At our institution, the subsartorial approach for saphenous nerve blockade is performed with the patient supine, the lower extremity externally rotated at the hip, and the knee slightly flexed. The mid-thigh area is prepped with 2% chlorhexidine in 70% isopropyl alcohol, and a sterile ultrasound sleeve is mounted over the 8-12 MHz linear probe (SonoSite® Micromaxx®, Bothwell, WA, USA). The ultrasound probe is placed on the medial aspect of the leg at the midpoint between the knee and the inguinal crease, perpendicular to the skin with the ultrasound beam directed to obtain a cross-sectional view of the femoral artery in short-axis. The sartorius muscle provides a useful landmark and is identified as an elliptical structure. Deep to the sartorius muscle, the saphenous nerve is visualized as a highly hyperechoic structure medial to the femoral artery (Figure 1). After local skin infiltration with 2% lidocaine 1 to 3 mL, a 22-gauge 2-inch short-bevelled echogenic stimulating needle (EchoStim®, Havel’s Inc., Cincinnati, OH, USA) is advanced under direct ultrasound visualization with an in-plane approach (Figure 2). Initially, the needle is inserted lateral to the femoral artery and is advanced so that the needle tip approaches the medial aspect of the artery where the saphenous nerve is located, slightly superficial to the artery. An optional nerve stimulator (Stimuplex®, B. Braun Medical Inc., Bethlehem, PA, USA) at a 0.9 mA and 2 Hz setting may confirm vastus medialis and/or patella tendon capture. After negative aspiration, 10 to 20 mL of local anesthetic is injected incrementally.
https://static-content.springer.com/image/art%3A10.1007%2Fs12630-010-9317-1/MediaObjects/12630_2010_9317_Fig1_HTML.jpg
Fig. 1

Ultrasound image obtained during subsartorial saphenous nerve block at the mid-thigh level. FA = femoral artery; SN = saphenous nerve circumscribed by local anesthetic (LA)

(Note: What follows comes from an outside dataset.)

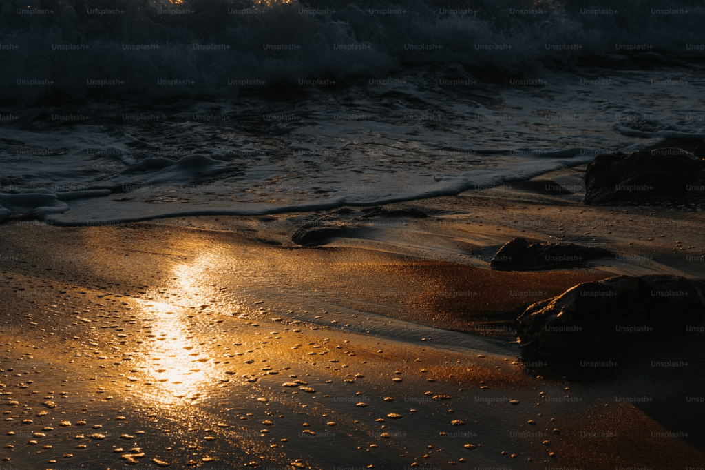 once green as the sea, are dispersed in dawn’s golden light.

https://static-content.springer.com/image/art%3A10.1007%2Fs12630-010-9317-1/MediaObjects/12630_2010_9317_Fig2_HTML.jpg
Fig. 2

Ultrasound probe and needle orientation (in-plane approach) for the subsartorial saphenous nerve block of the left thigh

Upon reviewing the medical records, it was found that one of the patients who reported severe pain in the postanesthesia care unit (PACU) specifically complained of pain only over the lateral leg along the distribution of the sciatic nerve, but denied pain over the medial leg that receives sensory innervation from the saphenous nerve. A second patient who received preoperative regional anesthesia needed intraoperative conversion from monitored anesthesia care (MAC) to general anesthesia (GA) after the surgeons decided to harvest a bone graft from his iliac crest. A third patient who also had preoperative nerve blocks was converted intraoperatively from MAC to GA when the surgery was changed from a below knee amputation to an above knee amputation. These three cases were subsequently eliminated, yielding a total of 39 patients.

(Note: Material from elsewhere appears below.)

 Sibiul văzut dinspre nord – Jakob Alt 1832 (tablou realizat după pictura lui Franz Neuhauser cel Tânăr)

Patient demographics were recorded, including age, sex, ASA physical status classification, and type of surgery. Pre-block and post-block pain scores were recorded (verbal rating system [VRS]; 0 = no pain to 10 = worst pain imaginable). At our institution, pain scores of 1 and 2 are considered mild, pain scores of 3 to 5 are considered moderate, and pain scores of ≥ 6 are considered severe. Pain scores are routinely ascertained pre-block and 30 min post-block and recorded for all patients. Though sensory and motor testing is typically performed after all blocks, usually the results are not recorded. Details of the regional anesthetic were also recorded, including the type of local anesthetic and the volume of local anesthetic delivered.

In the situation of a preoperative nerve block, the details of the block are typically communicated to the in-room provider who administers intraoperative anesthesia according to his/her discretion. If MAC is administered, the anesthesia provider usually requests that the tourniquet be placed below the knee, and if GA or neuraxial anesthesia is provided, the tourniquet is typically placed above the knee. However, the location of the tourniquet is usually not documented in the anesthesia record. For all preoperative nerve blocks, the anesthesia record was examined for the type of anesthesia given by the intraoperative provider and for any analgesic medication required. Finally, PACU notes were reviewed for VRS pain scores as well as for the amount of analgesic medication administered to the patient. At our institution, postoperative VRS scores are often the sole documented determinants of block success. The duration from block administration to entrance to the PACU was recorded.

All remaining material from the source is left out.